Etapa 5 Seguimiento y evaluación de la eficiencia del plan de mantenimiento

Luego de una ardua labor en la implantación del MCC es necesario evaluar los resultados obtenidos. Éste proceso requerirá la definición de unos parámetros o índices de seguimiento que muestren, precisa y continuamente, qué mejoras se han obtenido y cuáles no, permitiendo centrar las actividades al objetivo más idóneo, identificando los

aspectos más importantes a tener en cuenta y que refleje la efectividad relativa de la implantación del MCC. Se recomienda utilizar los índices definidos por Alfonso Llanes [2009] para evaluar la efectividad en función del tipo de tarea de mantenimiento aplicado a cada equipo (ver anexo 1).
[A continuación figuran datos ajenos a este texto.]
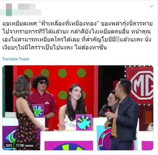 ผมยืนยัน ว่าไม่ได้มีเจตนาเหยียดเรื่องเพศ แต่อย่างใด คือตอนนั้นผมคิดมุกสด ที่มันเข้ากับช่วงจังหวะของรายการได้ แล้วก็เล่นออกไปเลย โดยไม่ได้ไตร่ตรองให้รอบคอบครับ และรายการก็นำมาออกอากศ ไม่ได้ตัดออกแต่อย่างใด

Además, requerirá la implantación de los procesos pertinentes de captación de la información básica necesaria, el establecimiento del procedimiento adecuado de actuación y la asignación de recursos correspondiente.

La necesidad de considerar nuevas técnicas de mantenimiento, añadir algún posible modo de fallo o componente no analizado inicialmente o revisar las hipótesis de estudio, sus conclusiones, entre otras, harán conveniente la actualización global de estudio del MCC cada cierto tiempo, con el fin de minimizar la obsolescencia de las recomendaciones aportadas con el paso del tiempo.

Para culminar esta etapa, y con ella el procedimiento, se implanta el proceso de recopilación de información básica sobre la explotación de los distintos dispositivos de la instalación, registrando datos como: fecha de ocurrencia de cada fallo, número de fallos en el período analizado, tipo de fallo, tiempo de estadía, pérdidas por el fallo, costo de mantenimiento, entre otros; luego se realiza un proceso adecuado de análisis de incidentes y la elaboración del correspondiente procedimiento de evaluación de la eficacia de las medidas implantadas, haciendo uso de los indicadores de evaluación propuestos anteriormente.